(Beginning of Dataset excerpts)

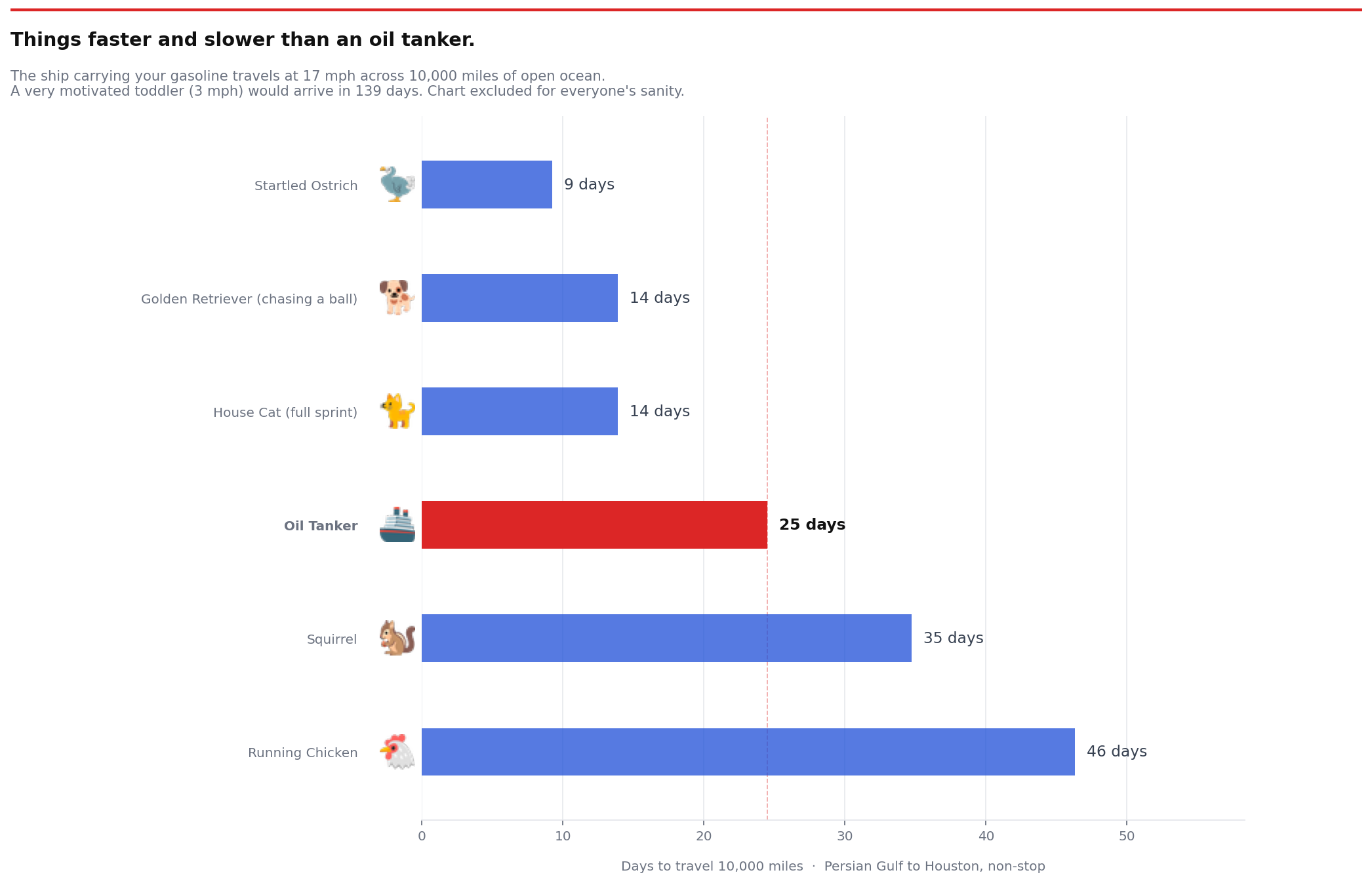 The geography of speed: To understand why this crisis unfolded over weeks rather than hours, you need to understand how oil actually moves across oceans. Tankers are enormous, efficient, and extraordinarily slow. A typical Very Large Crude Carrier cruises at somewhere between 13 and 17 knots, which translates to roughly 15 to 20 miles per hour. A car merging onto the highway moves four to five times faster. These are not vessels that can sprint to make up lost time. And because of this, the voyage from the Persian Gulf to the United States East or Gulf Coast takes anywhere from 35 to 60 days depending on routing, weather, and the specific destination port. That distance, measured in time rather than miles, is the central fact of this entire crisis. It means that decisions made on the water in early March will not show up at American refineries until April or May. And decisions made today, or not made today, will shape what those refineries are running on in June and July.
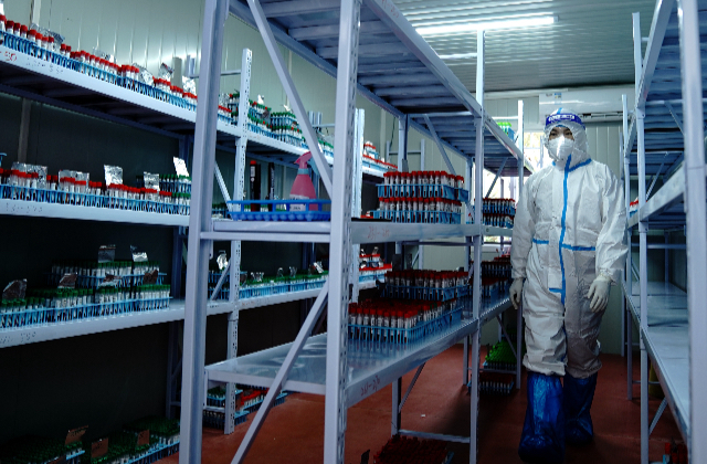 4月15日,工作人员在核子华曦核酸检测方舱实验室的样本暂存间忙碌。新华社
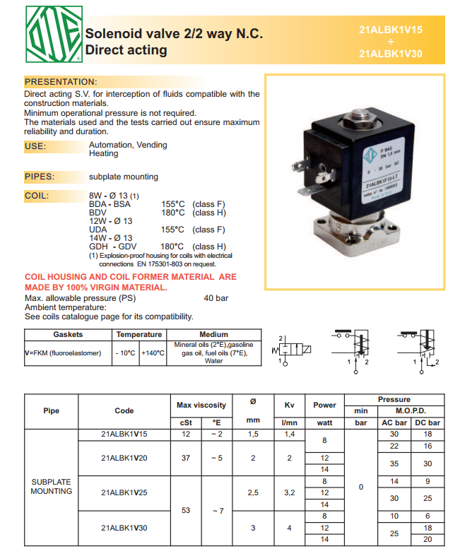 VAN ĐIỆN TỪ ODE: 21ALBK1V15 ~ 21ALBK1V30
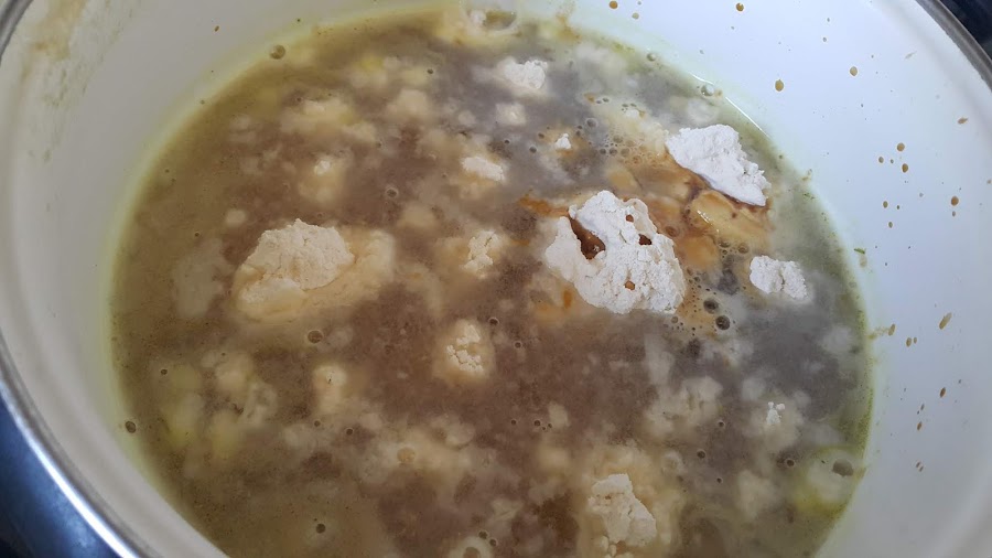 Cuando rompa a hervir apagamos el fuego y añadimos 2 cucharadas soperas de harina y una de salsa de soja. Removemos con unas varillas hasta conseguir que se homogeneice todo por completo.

(End of Dataset excerpts)
(Beginning of Dataset excerpts)

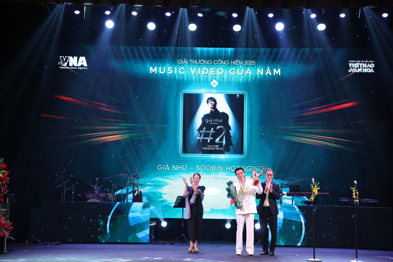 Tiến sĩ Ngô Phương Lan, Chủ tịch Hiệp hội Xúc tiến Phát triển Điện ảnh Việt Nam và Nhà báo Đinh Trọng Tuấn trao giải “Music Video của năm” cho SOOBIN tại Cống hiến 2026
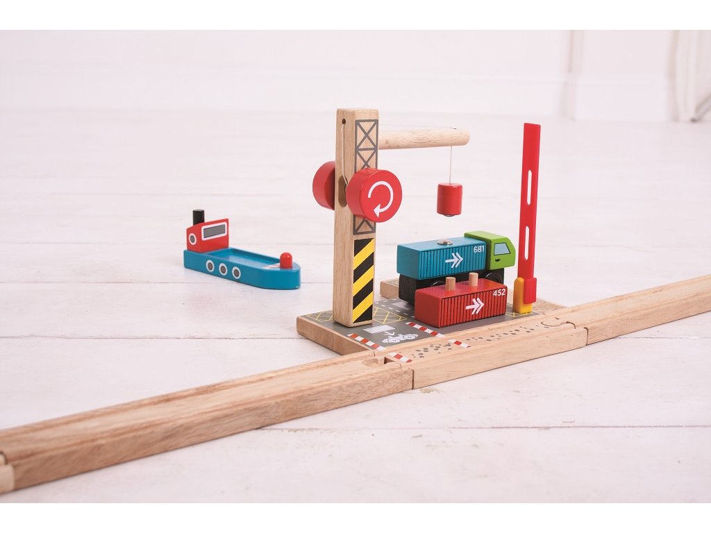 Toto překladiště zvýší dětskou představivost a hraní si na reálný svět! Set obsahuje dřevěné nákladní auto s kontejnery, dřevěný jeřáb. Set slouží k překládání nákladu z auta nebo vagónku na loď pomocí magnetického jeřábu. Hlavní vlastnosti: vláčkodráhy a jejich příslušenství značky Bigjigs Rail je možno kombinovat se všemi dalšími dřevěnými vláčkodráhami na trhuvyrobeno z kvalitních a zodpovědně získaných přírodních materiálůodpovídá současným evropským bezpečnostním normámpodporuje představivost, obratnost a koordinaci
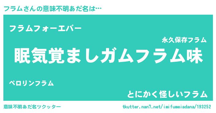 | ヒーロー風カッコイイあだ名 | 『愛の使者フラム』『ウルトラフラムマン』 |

(End of Dataset excerpts)

# Exercise aim
Only the lines starting at the one that includes "4月15日,工作人员在核子华曦核酸检测方舱实验室的样本暂存间忙碌。新华社" and ending at the one that includes "Cuando rompa a" should be retyped, exactly, from the records above; no pictures.

# Exercise output
 4月15日,工作人员在核子华曦核酸检测方舱实验室的样本暂存间忙碌。新华社
 VAN ĐIỆN TỪ ODE: 21ALBK1V15 ~ 21ALBK1V30
 Cuando rompa a hervir apagamos el fuego y añadimos 2 cucharadas soperas de harina y una de salsa de soja. Removemos con unas varillas hasta conseguir que se homogeneice todo por completo.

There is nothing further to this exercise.